• Try it:
Leaving the pictures aside, transcribe only and exactly the lines from the one with "- eine große" through the end of the entries, both included.
START Records supplied
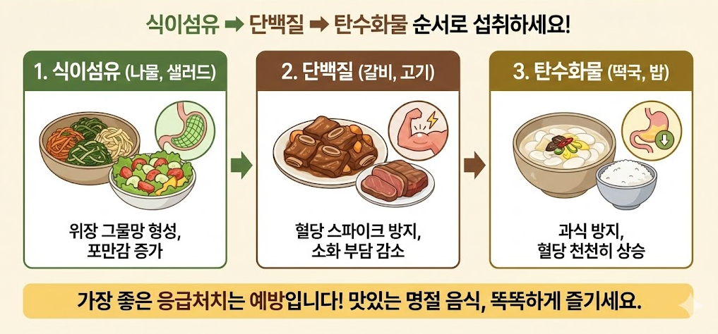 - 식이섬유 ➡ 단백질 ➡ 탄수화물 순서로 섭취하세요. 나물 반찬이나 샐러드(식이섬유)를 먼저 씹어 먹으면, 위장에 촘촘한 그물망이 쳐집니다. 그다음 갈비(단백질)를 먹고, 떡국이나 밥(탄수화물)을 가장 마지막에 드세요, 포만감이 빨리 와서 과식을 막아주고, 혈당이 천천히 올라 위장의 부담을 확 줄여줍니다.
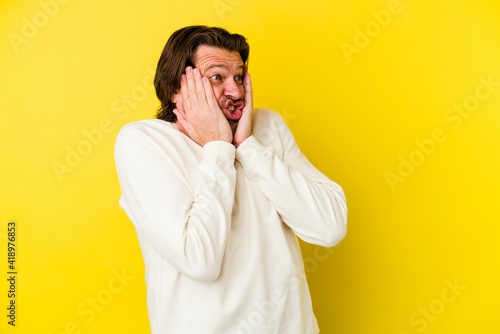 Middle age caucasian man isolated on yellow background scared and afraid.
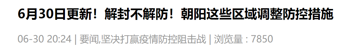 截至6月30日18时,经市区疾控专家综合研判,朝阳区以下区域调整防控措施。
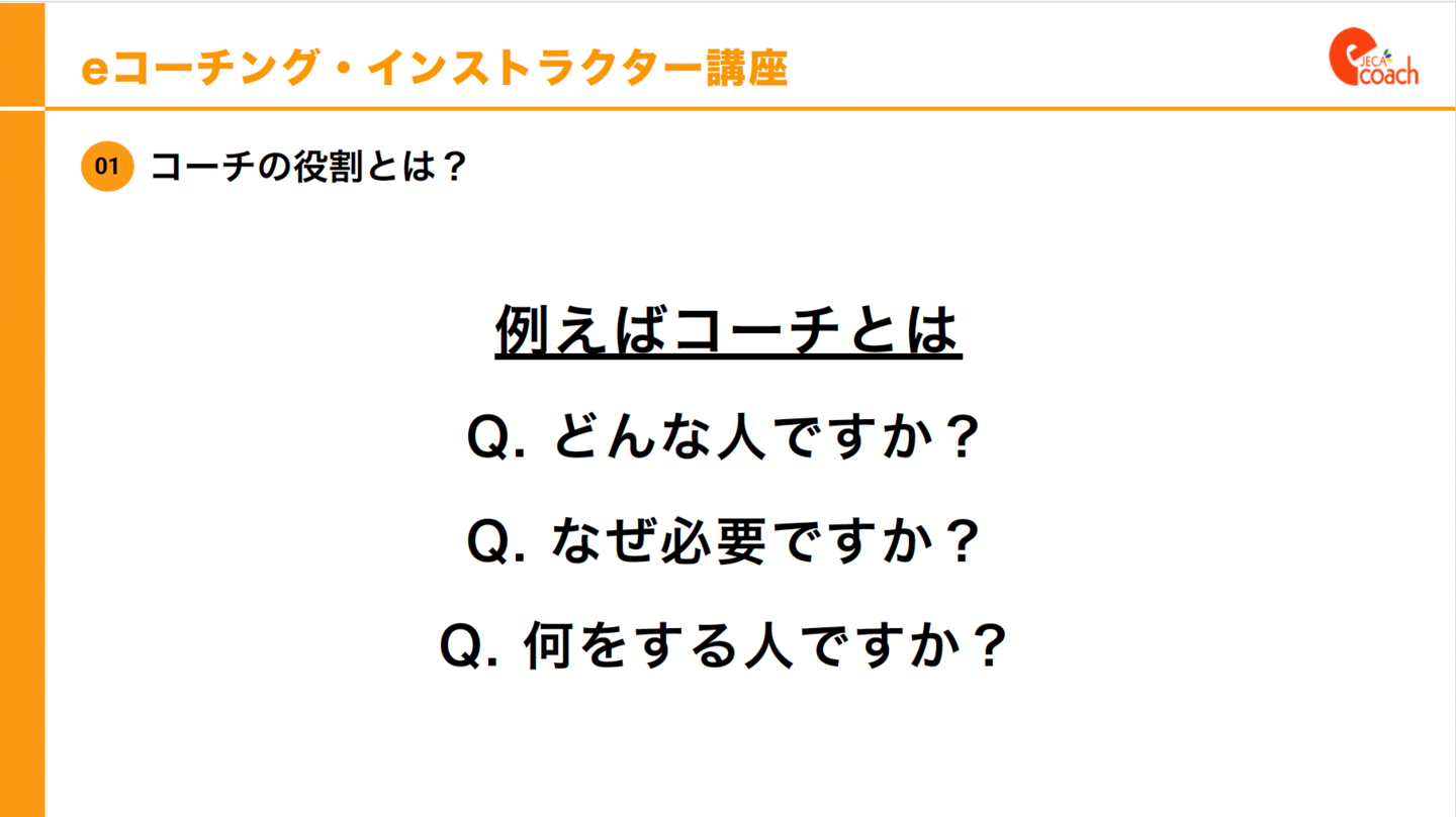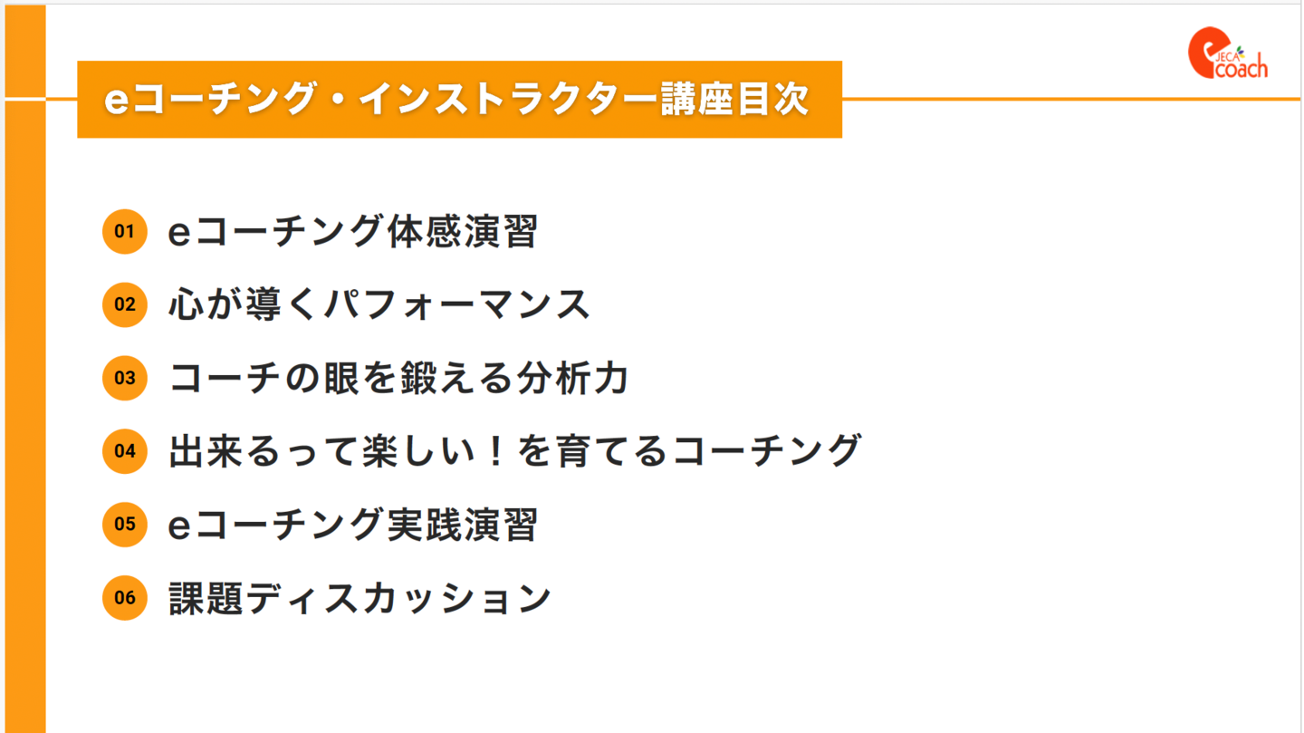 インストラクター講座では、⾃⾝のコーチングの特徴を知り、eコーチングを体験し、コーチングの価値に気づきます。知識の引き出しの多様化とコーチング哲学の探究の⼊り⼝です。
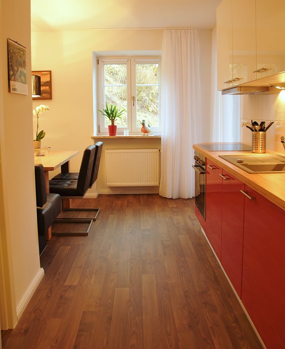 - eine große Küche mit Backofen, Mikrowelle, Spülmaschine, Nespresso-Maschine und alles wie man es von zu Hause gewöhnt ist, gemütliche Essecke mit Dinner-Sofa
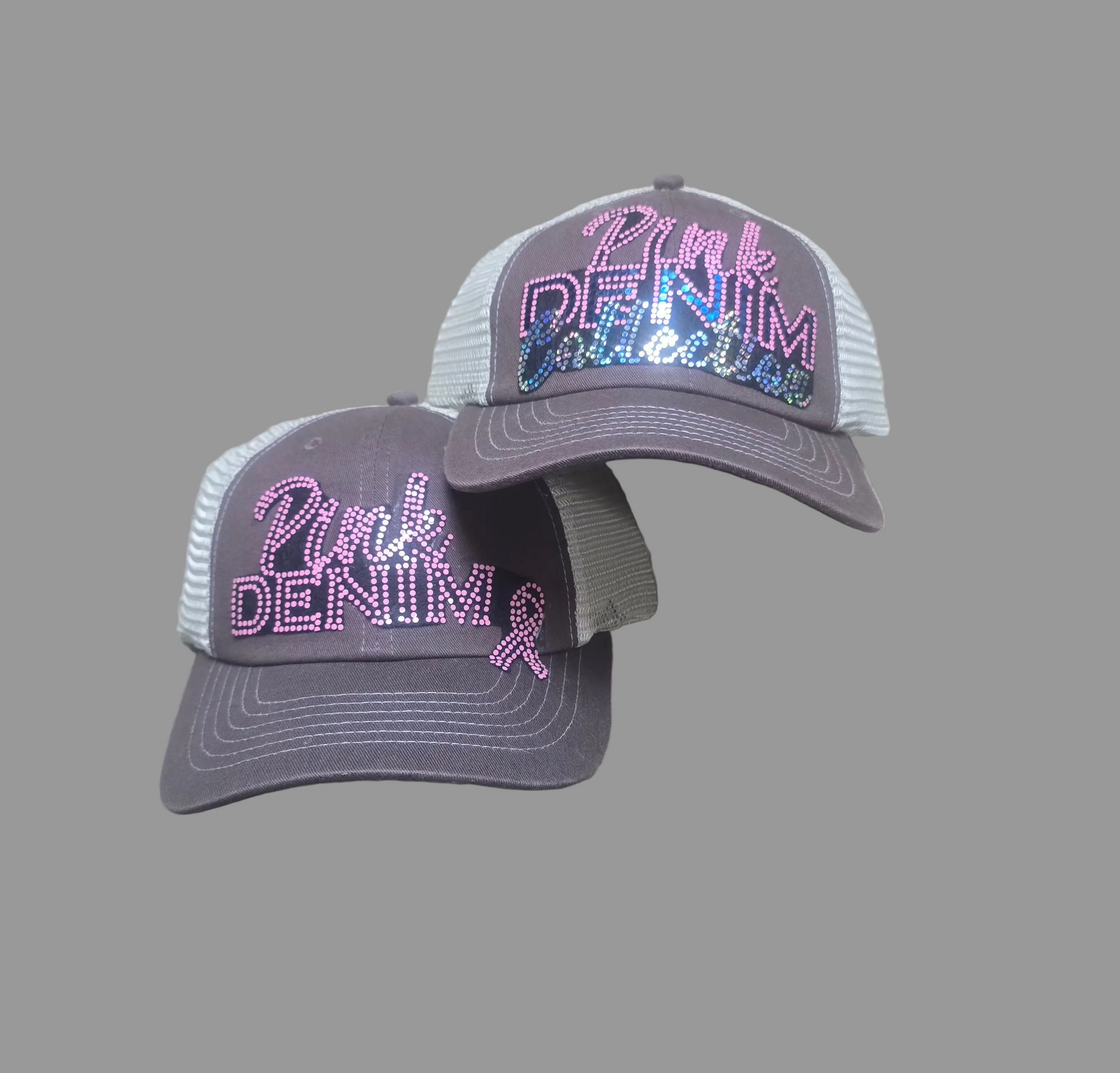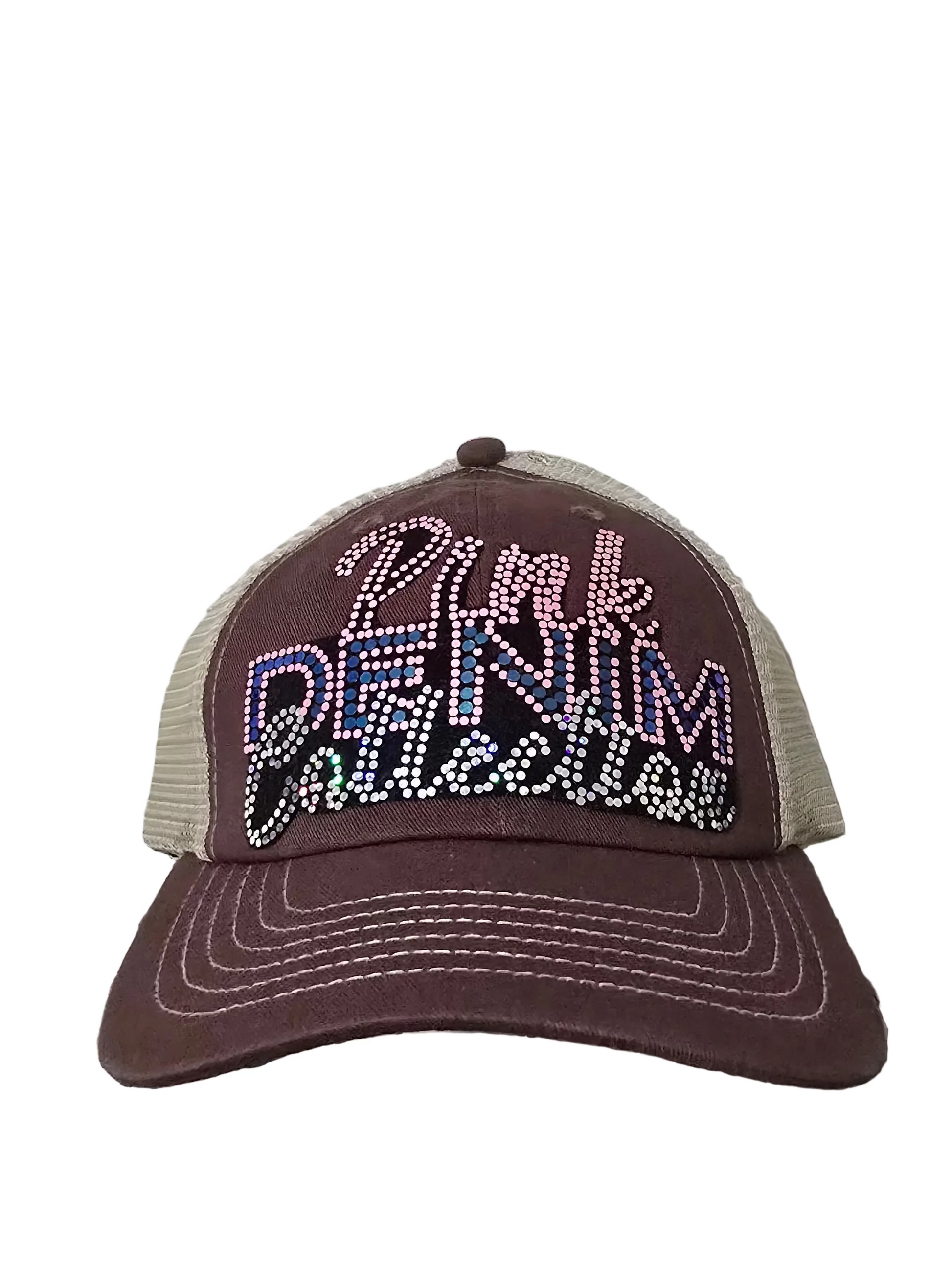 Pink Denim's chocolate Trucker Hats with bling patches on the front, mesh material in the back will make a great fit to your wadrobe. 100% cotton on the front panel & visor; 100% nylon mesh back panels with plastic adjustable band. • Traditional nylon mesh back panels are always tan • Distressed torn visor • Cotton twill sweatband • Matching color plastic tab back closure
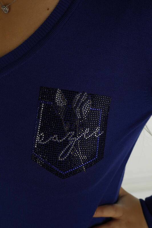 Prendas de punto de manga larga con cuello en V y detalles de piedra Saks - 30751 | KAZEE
END Records supplied
• Answer box:
 - eine große Küche mit Backofen, Mikrowelle, Spülmaschine, Nespresso-Maschine und alles wie man es von zu Hause gewöhnt ist, gemütliche Essecke mit Dinner-Sofa
 Pink Denim's chocolate Trucker Hats with bling patches on the front, mesh material in the back will make a great fit to your wadrobe. 100% cotton on the front panel & visor; 100% nylon mesh back panels with plastic adjustable band. • Traditional nylon mesh back panels are always tan • Distressed torn visor • Cotton twill sweatband • Matching color plastic tab back closure
 Prendas de punto de manga larga con cuello en V y detalles de piedra Saks - 30751 | KAZEE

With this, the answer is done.